If you print out the shapes of `w` and `z` you will probably find out why you get `IndexError`. Looks like there is lots of math in your code, just be careful to make sure that shapes are correct and work with enumeration.

Yes, I just don’t understand how enumeration is handled in downstream sites, as in here `MultivariateNormal` seems to work well with enumerated `loc` parameter, while `deterministic` seems to simply take the enum shape as batch shape.

What is the shape of `w` when you use `MultivariateNormal` (with enumeration)?

`deterministic` should just return the value of `pc[u]`.

Can you clarify this more?

I used `print` to check the shapes:

• when I directly print `pc[u].shape`, I got `torch.Size([9, 1, 2]) `
• When using `MultivariateNormal` with `pc[u]` being its loc parameter, I got a `torch.Size([50, 2]) ` tensor, with the shape at dim 0 consistent with the claim of the plate.
• When using `deterministic`, I find the shape of the variable identical to that of `pc[u]`, being of shape `torch.Size([9, 1, 2])`

Setting `event_dim=1` helps recognize the last dimension as `event_shape`, while I don’t know how to properly handle the other dimensions.

I think the difference in the shape must be due to the fact that when you use `pyro.sample` the value of `w` is sampled by the guide (which I suppose has the shape of `torch.Size([50, 2])`) and then replayed into the model. `MultivariateNormal(pc[u], ...)` distribution in the model is only used to calculate the log density. If you print out the trace shapes you should see that `w` has `dist` shape of `MultivariateNormal(pc[u], ...)` (something like `(9, 1, 2)`) and `value` shape of `(50, 2)` (note that this value is sampled by the guide), and `log_prob` shape which is the broadcast of the two.

Oh thanks! I wasn’t fully aware of these differences. I think I’m getting an intuitive understanding now.
Just one more question about this: how can I perform the similar sample-then-replay process with `deterministic` sites? For now, I’m using a noisy version of this expression (which is somewhat okay, at least it runs without errors, but not quite elegant I think)

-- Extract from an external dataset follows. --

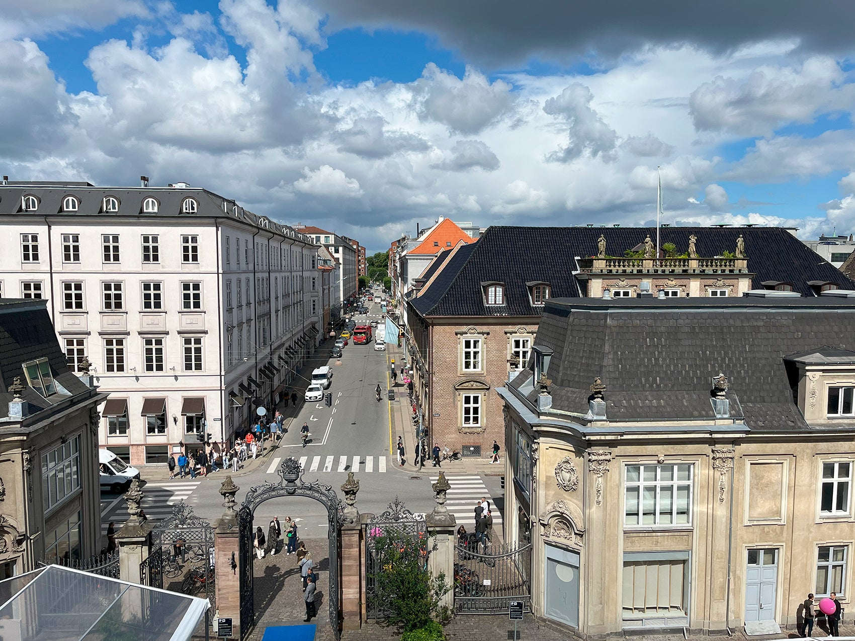 その上はついに最上階。ここからの眺めは圧巻でした(この記事の一番最初の写真をご覧ください)。高いビルの無いコペンハーゲンの街並みが立体的な雲の下に整然と、童話の一ページのように並んでいます。18世紀後半に建てられたというこの邸宅。貴族たちはこの眺めを一望しながら港町の風を浴び、毎夜ワインを傾けていたかもしれません…。この展示場は、そんな光景が一瞬ふっと浮かぶほどに、現実を離れたような空間でした。

``````w = pyro.sample("w", MultivariateNormal(pc[u], noise_ub * torch.eye(d)))
``````

(I’ve tried this out, and this will not cause much trouble to my model: it can eventually converge to a good posterior. But I thought using deterministic will be more loyal to my original claim about the model.)

Maybe you can expand (repeat) `pc[u]` along `dim=-2` so that it has the shape of `(9, 50, 2)`. Then make sure when you use `Vindex(w)[z]` you are vindexing along that dim (since it is not the first dim anymore).

You can also just forget that you are using `deterministic` since it is not affecting inference in any way.